> [WHAT IS NEEDED]
In the data that follows, find the line with "Den populære 101"; transcribe it, every later line up to the one with "Tis the season", and that line as well, exactly and with no others.

________

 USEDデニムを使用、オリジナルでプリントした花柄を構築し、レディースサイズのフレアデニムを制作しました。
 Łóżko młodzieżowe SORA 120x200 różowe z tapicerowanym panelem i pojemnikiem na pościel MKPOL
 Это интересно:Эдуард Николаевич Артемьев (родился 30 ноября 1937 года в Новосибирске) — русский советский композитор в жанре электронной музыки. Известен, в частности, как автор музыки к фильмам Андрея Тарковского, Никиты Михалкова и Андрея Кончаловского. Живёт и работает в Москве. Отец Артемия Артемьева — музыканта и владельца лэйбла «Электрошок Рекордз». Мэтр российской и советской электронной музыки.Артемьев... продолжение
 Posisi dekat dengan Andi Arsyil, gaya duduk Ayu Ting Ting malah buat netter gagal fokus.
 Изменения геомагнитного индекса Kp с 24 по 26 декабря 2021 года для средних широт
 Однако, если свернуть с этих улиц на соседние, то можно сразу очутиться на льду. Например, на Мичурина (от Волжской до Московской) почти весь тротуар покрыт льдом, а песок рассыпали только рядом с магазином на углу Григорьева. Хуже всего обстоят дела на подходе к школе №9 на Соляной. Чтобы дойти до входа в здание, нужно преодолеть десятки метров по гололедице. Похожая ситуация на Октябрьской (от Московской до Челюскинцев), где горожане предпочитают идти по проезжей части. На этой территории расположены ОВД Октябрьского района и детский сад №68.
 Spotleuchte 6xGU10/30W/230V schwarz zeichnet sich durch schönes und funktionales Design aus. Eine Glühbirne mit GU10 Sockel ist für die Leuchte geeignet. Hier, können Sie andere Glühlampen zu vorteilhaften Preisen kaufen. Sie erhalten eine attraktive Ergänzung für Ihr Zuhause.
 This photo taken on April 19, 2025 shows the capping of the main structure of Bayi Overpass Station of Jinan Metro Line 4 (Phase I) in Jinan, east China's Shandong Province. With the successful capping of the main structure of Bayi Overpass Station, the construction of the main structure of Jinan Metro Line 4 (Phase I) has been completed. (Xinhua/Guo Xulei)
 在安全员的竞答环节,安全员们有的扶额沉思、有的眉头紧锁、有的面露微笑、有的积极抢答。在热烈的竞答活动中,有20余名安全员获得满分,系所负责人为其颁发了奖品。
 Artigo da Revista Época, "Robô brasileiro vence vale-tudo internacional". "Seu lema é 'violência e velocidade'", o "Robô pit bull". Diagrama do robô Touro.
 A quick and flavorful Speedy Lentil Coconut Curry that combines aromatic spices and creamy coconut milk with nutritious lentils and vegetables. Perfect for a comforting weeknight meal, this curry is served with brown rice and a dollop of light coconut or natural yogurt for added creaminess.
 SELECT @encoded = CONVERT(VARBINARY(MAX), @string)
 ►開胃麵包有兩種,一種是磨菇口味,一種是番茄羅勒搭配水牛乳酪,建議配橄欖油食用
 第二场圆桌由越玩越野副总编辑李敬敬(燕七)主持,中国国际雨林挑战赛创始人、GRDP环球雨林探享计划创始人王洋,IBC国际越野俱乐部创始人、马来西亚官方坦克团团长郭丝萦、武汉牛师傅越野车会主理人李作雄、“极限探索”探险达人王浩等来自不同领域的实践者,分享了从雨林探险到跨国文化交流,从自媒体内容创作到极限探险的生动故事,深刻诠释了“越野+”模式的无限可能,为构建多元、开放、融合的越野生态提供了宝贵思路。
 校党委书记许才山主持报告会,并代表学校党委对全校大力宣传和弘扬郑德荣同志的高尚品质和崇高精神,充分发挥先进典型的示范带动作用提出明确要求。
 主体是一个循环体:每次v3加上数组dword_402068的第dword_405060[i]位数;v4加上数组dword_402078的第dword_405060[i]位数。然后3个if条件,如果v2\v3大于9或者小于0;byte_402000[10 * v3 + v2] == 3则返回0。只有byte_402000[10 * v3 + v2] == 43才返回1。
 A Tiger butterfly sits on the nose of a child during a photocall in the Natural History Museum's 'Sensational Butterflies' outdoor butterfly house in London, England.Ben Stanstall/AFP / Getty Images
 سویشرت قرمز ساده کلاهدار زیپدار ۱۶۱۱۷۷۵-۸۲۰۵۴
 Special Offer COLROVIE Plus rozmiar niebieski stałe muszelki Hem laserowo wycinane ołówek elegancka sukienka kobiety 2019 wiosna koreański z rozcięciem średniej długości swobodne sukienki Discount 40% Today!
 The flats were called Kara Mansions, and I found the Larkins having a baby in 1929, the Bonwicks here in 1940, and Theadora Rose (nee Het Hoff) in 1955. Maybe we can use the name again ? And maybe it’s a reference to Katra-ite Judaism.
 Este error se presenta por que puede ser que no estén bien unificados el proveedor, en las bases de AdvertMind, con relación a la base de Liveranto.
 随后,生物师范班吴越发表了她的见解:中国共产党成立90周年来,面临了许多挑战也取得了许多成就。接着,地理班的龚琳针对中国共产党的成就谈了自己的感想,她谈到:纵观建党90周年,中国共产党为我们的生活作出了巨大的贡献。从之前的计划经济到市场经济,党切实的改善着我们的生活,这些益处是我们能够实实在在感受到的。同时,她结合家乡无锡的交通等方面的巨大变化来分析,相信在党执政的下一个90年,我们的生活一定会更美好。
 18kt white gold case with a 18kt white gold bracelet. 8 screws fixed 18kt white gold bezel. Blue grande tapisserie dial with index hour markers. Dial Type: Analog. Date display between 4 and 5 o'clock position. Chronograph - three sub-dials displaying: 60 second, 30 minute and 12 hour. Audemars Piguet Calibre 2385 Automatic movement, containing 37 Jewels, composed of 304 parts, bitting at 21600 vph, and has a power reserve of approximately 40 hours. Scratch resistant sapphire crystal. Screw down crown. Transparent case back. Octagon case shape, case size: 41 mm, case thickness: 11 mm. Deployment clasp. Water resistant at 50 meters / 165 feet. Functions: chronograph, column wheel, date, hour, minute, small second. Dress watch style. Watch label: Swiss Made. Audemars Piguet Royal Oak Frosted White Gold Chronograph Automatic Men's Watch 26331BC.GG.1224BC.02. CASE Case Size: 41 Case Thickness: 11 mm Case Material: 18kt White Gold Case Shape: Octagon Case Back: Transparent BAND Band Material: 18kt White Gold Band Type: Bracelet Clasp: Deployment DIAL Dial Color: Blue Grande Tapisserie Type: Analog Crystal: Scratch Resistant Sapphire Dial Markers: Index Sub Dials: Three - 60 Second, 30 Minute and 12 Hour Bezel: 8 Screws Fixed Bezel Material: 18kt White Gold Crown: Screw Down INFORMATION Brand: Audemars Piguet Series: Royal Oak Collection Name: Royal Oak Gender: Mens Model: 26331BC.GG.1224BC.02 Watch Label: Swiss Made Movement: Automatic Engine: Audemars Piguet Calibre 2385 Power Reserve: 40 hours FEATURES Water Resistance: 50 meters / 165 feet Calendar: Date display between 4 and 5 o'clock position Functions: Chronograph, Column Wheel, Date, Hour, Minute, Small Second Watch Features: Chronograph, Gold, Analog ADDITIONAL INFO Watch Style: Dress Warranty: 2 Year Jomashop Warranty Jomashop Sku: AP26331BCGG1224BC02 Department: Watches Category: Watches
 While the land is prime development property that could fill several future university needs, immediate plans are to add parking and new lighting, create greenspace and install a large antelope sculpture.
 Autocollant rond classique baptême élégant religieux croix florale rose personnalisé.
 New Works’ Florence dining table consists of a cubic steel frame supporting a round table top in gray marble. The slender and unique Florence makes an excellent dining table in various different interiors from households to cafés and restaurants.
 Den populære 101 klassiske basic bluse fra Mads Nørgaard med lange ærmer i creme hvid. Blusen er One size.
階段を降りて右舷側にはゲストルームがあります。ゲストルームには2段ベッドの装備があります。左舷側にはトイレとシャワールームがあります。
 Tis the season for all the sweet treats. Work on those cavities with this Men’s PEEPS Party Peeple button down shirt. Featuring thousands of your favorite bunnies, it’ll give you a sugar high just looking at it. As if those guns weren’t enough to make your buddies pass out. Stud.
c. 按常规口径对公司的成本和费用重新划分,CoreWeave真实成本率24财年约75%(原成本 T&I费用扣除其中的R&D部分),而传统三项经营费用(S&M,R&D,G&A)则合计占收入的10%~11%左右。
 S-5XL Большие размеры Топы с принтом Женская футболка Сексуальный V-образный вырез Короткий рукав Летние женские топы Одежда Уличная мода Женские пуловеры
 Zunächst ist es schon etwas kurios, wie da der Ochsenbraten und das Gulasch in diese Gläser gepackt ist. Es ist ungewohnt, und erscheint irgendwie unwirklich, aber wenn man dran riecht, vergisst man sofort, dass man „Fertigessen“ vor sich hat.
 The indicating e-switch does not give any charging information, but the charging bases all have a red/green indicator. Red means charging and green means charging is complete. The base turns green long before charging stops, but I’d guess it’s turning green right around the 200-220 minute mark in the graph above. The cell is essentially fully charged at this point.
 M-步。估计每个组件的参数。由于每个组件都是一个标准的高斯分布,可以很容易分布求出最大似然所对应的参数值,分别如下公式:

________

> [ANSWER BOX]
 Den populære 101 klassiske basic bluse fra Mads Nørgaard med lange ærmer i creme hvid. Blusen er One size.
階段を降りて右舷側にはゲストルームがあります。ゲストルームには2段ベッドの装備があります。左舷側にはトイレとシャワールームがあります。
 Tis the season for all the sweet treats. Work on those cavities with this Men’s PEEPS Party Peeple button down shirt. Featuring thousands of your favorite bunnies, it’ll give you a sugar high just looking at it. As if those guns weren’t enough to make your buddies pass out. Stud.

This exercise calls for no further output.